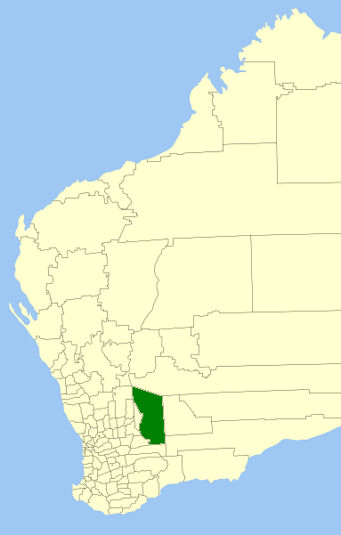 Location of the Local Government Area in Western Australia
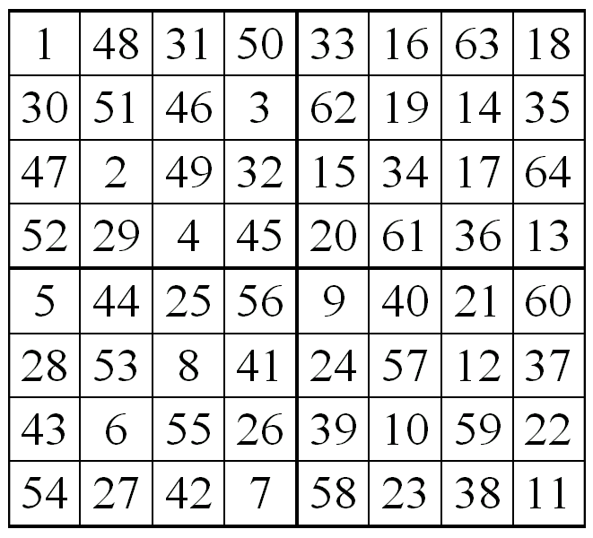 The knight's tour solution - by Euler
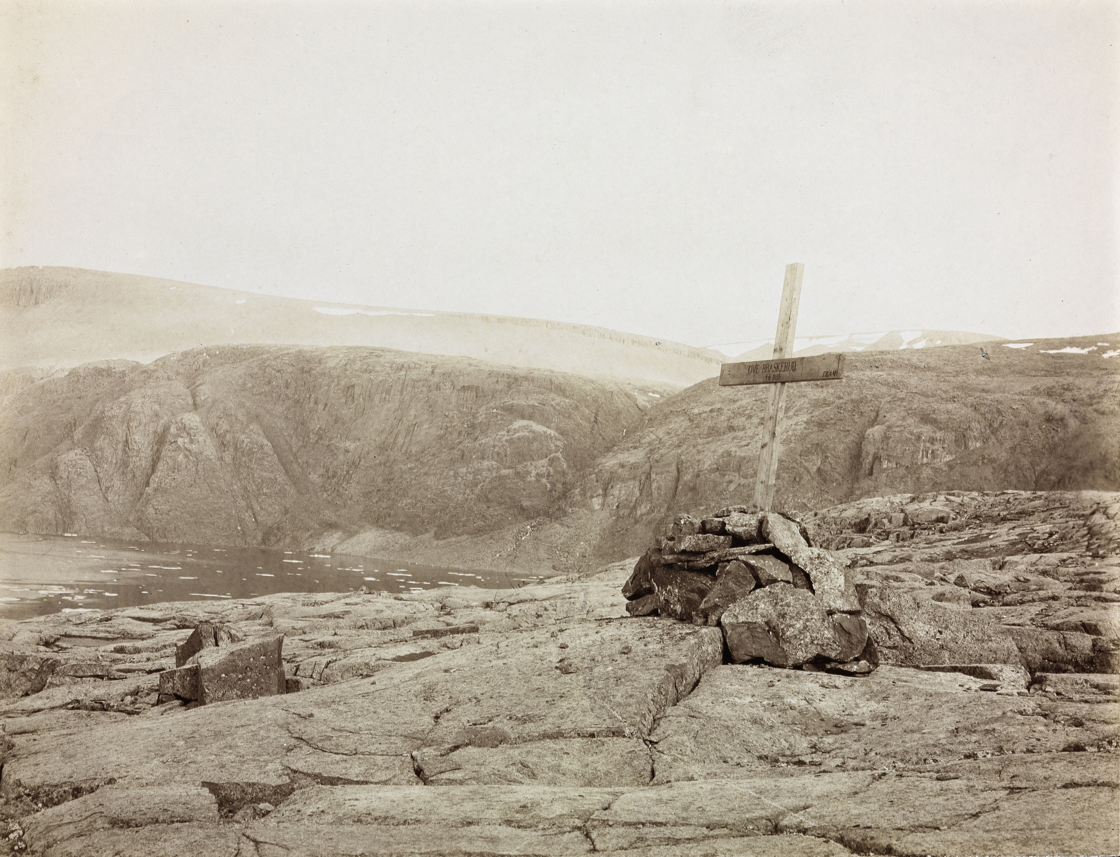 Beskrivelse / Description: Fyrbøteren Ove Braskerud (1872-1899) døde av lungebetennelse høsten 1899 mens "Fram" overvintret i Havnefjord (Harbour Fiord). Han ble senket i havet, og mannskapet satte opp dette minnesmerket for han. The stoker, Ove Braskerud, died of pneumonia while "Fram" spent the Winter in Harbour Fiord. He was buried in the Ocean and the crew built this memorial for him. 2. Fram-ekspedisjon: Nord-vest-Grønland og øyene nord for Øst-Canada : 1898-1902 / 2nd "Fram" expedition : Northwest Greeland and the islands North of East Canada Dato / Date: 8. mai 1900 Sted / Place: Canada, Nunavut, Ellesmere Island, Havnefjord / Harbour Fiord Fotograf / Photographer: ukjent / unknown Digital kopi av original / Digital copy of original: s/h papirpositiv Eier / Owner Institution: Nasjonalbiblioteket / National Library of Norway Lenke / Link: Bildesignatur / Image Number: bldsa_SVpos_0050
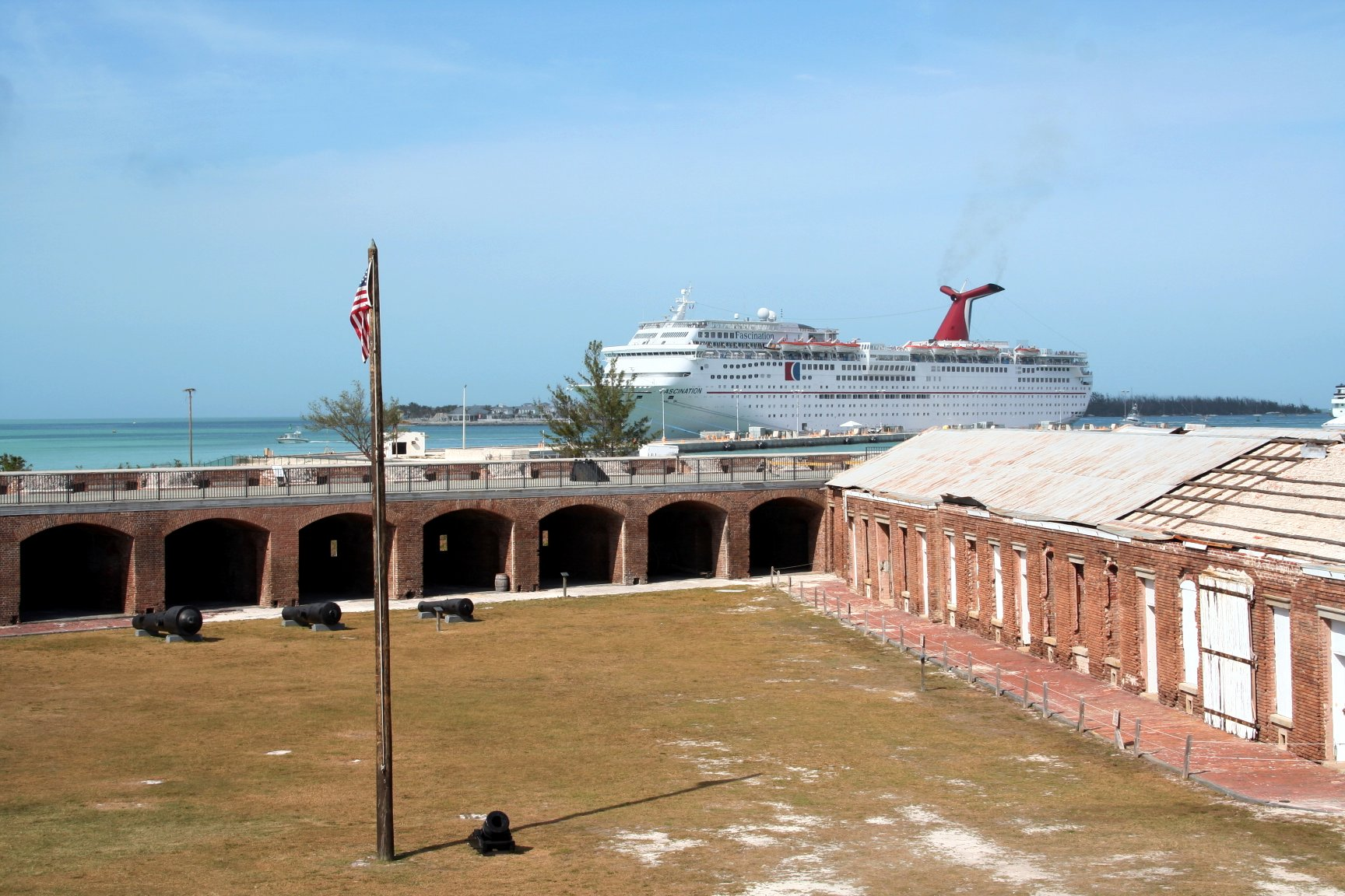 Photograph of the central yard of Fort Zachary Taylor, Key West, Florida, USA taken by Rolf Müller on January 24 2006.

:::

What to do —
Could you write out exactly the lines running from the one with "The knight's tour solution - by Euler" through the last line of the data above, both ends kept, and omit any picture?

Output for this task —
 The knight's tour solution - by Euler
 Beskrivelse / Description: Fyrbøteren Ove Braskerud (1872-1899) døde av lungebetennelse høsten 1899 mens "Fram" overvintret i Havnefjord (Harbour Fiord). Han ble senket i havet, og mannskapet satte opp dette minnesmerket for han. The stoker, Ove Braskerud, died of pneumonia while "Fram" spent the Winter in Harbour Fiord. He was buried in the Ocean and the crew built this memorial for him. 2. Fram-ekspedisjon: Nord-vest-Grønland og øyene nord for Øst-Canada : 1898-1902 / 2nd "Fram" expedition : Northwest Greeland and the islands North of East Canada Dato / Date: 8. mai 1900 Sted / Place: Canada, Nunavut, Ellesmere Island, Havnefjord / Harbour Fiord Fotograf / Photographer: ukjent / unknown Digital kopi av original / Digital copy of original: s/h papirpositiv Eier / Owner Institution: Nasjonalbiblioteket / National Library of Norway Lenke / Link: Bildesignatur / Image Number: bldsa_SVpos_0050
 Photograph of the central yard of Fort Zachary Taylor, Key West, Florida, USA taken by Rolf Müller on January 24 2006.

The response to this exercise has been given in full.